Now, 12 years later, and with the clarity of hindsight, it is time to admit that a terrible mistake was made. The demand for quicker access to experimental drugs in an attempt to cure an insufficiently studied medical mystery has failed, costing us countless lives. The demands of those original ACT-UP terrorists (to shorten the drug-approval process; to eliminate important phases of research, including double- blind placebo-controlled studies; to permit the use of other potent drugs during clinical testing and aggressively experiment on those at all stages of AIDS) have created a continuing treatment tragedy.

The latest chapter begins in 1996, when a new class of drugs called protease inhibitors were proclaimed a potential AIDS cure at an international conference. Protease inhibitors, rushed through an FDA regulatory process in fewer than 72 days, are typically touted as "life-extending miracles" by an army of pharmaceutical industry public relations firms. Of course, thanks to ACT-UP's early demands, no long-term survival studies of treated versus untreated AIDS patients were conducted before the mass marketing of the drugs.

For four years, physicians have given these experimental pills to HIV-positive individuals -- again at the urging of ACT-UP.

However, despite the AIDS-drug media blitz, the list of adverse effects caused by protease inhibitors continued to grow: liver damage, kidney failure, diabetes, heart attacks, strokes and metabolic abnormalities resulting in hunchbacks, tumor bellies, stick-like limbs and bones so brittle they shatter like glass.

The list, too, of AIDS treatment activists whose lives were cut short by the drugs they fought for has also grown at an alarming rate. The October 2000 cover of POZ, an AIDS magazine, featured a close-up of the corpse of New York treatment-activist Stephen Gendin, dead at 34 from cardiac arrest.

What some AIDS activists refuse to acknowledge is that in 1996, members of ACT-UP/San Francisco publicly renounced the "drugs into bodies" medical experiment as fatally flawed. Members scoured the medical literature and consulted with scientists before the protease inhibitor advertisements hit magazines, bus shelters and billboards. We staged over-the-top media stunts using red fruit juice, used cat litter and Silly String to counter millions of dollars of AIDS-drug advertising and to propel into public consciousness our message that these new pills would kill. We were vilified as crazy and violent.

In addition, we questioned whether AIDS was caused by a virus and doubted the premature conclusion that the presence of antibodies to HIV signaled impending death. Our skepticism was based on the realization that when medical institutions condemn individuals to die from a virus assumed to always be fatal, those individuals become expendable. The benefit of any product a drug company concocts, no matter how toxic, will always outweigh the risks to people labeled "terminal," thereby guaranteeing a profitable market. We were dismissed as dangerous denialists.

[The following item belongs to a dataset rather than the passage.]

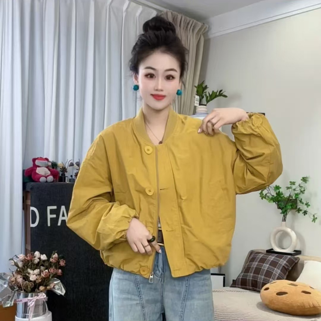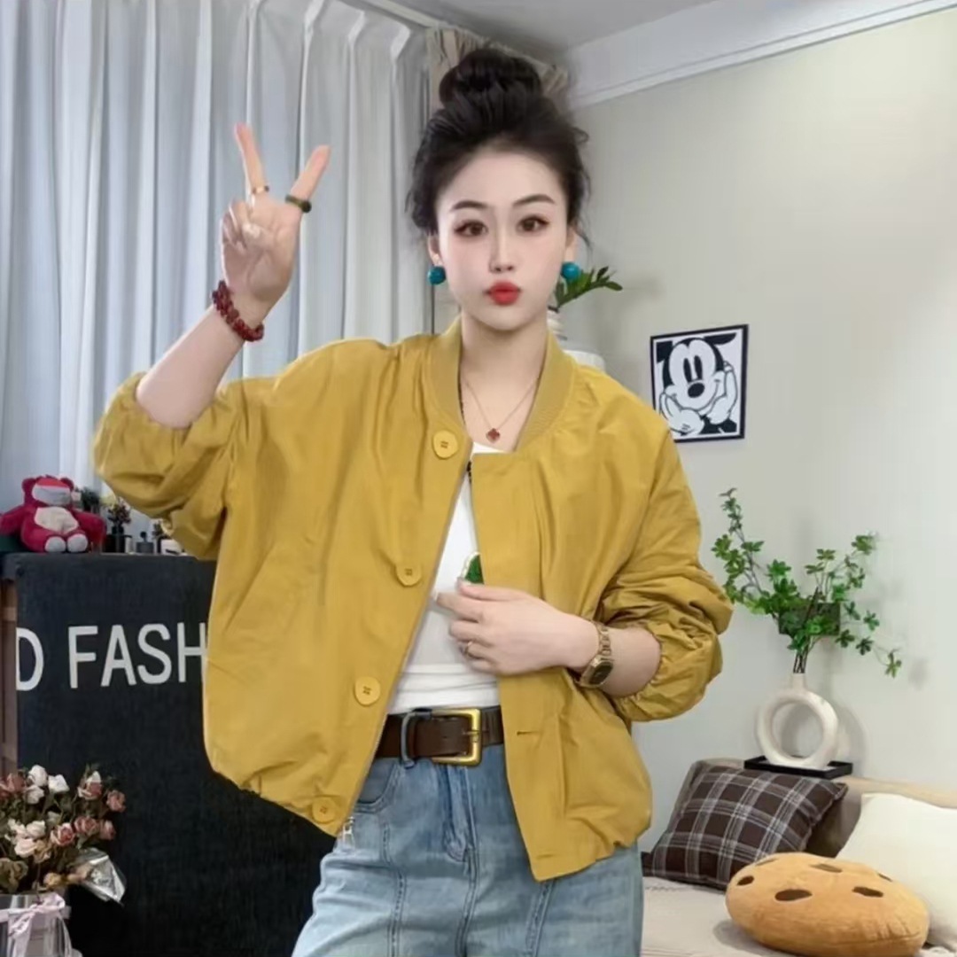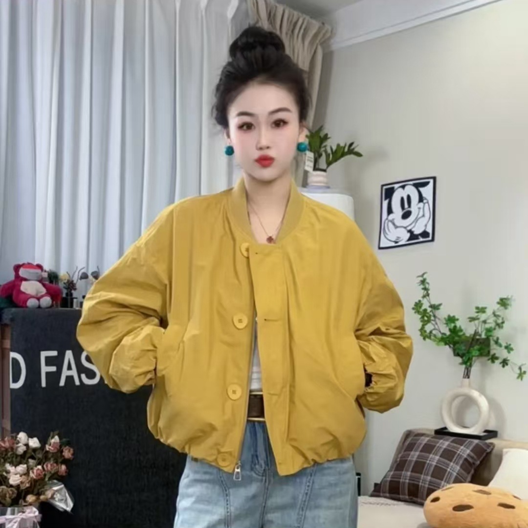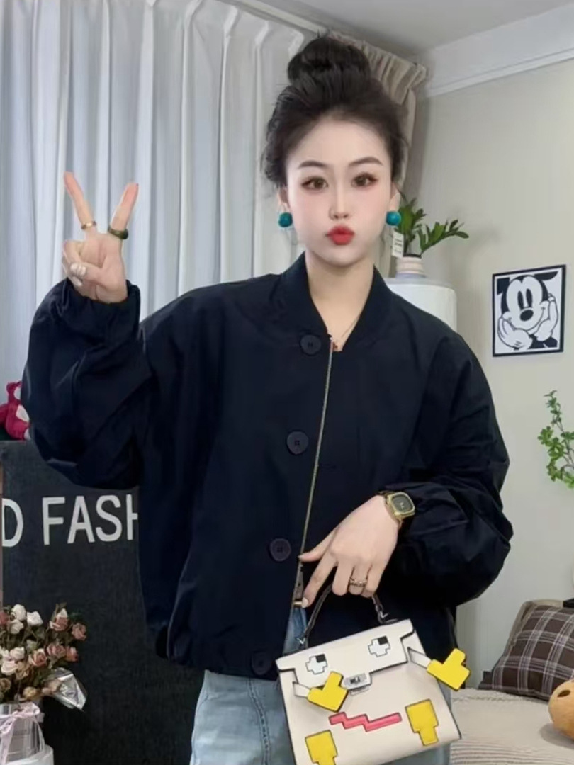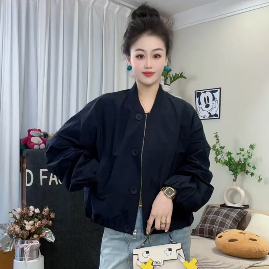 한국 스타일 둥근 목 짧은 재킷 여자 2025 봄 새로운 유행 간단한 느슨한 캐주얼 카디건 재킷스토어 가기

Time will tell if the HIV-positive members of ACT-UP/San Francisco, who remain medication-free and healthy, are crazy. In the meantime, we thrive with a high quality of life while those taking AIDS drugs continue to suffer and die. As activists who once screamed for "drugs into bodies," we now understand the human cost of our misguided demand. We admit the errors of our past, and we live every day trying to make amends for the damage our actions have caused.

Still, one important question remains: How much longer will the public allow the AIDS-drug industry to make a killing off the tragic HIV mistake?

David Pasquarelli and Michael Bellefountaine are medication-free AIDS survivors and members of ACT-UP/San Francisco. For more information, visit http://www.actupsf.com .

(ACT-UP/San Francisco split from ACT-UP in 1990. Those who accepted the scientific evidence that HIV causes AIDS formed ACT/UP Golden Gate, now Survive AIDS.)